▶ _WHAT THE EXERCISE ASKS_
If a line in the records below holds the word "with", copy it.

▶ _PROVIDED MATERIAL_

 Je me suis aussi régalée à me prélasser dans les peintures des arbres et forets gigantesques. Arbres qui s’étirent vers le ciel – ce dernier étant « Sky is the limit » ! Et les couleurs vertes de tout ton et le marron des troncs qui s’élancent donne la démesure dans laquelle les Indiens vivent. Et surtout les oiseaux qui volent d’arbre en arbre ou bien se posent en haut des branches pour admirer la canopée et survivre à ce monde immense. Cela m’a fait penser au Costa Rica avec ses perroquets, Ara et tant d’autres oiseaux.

==

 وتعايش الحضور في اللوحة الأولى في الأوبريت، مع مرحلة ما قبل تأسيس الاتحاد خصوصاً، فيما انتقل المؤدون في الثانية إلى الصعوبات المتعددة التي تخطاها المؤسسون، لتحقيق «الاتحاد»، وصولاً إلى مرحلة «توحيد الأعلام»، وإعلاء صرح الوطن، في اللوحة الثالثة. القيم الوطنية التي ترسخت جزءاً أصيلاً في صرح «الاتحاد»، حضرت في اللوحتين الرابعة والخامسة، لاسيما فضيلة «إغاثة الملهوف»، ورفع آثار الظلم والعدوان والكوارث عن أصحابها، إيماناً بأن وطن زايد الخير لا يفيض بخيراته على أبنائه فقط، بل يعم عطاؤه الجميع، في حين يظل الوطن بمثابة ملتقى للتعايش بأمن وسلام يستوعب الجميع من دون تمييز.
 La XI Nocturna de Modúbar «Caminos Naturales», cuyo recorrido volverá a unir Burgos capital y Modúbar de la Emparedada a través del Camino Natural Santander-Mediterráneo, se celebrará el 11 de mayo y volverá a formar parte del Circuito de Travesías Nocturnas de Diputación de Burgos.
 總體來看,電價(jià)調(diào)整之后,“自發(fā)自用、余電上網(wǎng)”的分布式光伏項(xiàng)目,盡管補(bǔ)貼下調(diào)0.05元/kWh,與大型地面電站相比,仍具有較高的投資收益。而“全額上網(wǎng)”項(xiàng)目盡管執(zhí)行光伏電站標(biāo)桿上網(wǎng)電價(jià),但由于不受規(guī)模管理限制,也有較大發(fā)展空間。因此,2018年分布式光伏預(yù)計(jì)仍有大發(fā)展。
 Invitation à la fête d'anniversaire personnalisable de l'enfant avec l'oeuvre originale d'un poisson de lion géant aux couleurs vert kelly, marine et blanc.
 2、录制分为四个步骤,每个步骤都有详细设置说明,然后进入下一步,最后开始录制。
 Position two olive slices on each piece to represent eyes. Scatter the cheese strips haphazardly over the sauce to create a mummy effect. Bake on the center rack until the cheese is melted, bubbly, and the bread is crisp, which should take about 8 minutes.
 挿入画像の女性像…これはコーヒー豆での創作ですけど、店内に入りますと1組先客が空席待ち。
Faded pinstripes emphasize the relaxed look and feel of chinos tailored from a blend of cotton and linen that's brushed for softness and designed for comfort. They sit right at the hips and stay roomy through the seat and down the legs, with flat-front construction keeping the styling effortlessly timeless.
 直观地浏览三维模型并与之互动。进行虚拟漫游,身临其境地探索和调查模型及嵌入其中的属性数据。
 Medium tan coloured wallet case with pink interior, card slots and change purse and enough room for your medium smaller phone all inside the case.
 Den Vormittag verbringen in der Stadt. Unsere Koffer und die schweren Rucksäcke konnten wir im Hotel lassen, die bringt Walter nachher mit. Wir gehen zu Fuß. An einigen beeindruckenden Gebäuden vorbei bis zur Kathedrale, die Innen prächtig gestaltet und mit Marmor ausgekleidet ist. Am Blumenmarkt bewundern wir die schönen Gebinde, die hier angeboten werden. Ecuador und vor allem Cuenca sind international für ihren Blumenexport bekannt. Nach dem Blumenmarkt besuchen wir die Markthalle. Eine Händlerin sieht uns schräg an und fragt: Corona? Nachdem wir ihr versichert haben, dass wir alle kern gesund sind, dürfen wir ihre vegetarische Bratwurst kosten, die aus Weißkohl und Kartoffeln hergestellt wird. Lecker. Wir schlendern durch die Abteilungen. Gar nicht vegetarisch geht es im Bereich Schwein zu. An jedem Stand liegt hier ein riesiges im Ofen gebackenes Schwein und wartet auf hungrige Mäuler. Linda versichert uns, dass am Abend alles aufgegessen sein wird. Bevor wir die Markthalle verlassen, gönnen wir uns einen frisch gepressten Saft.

▶ _EXERCISE RESULT_
Faded pinstripes emphasize the relaxed look and feel of chinos tailored from a blend of cotton and linen that's brushed for softness and designed for comfort. They sit right at the hips and stay roomy through the seat and down the legs, with flat-front construction keeping the styling effortlessly timeless.
 Medium tan coloured wallet case with pink interior, card slots and change purse and enough room for your medium smaller phone all inside the case.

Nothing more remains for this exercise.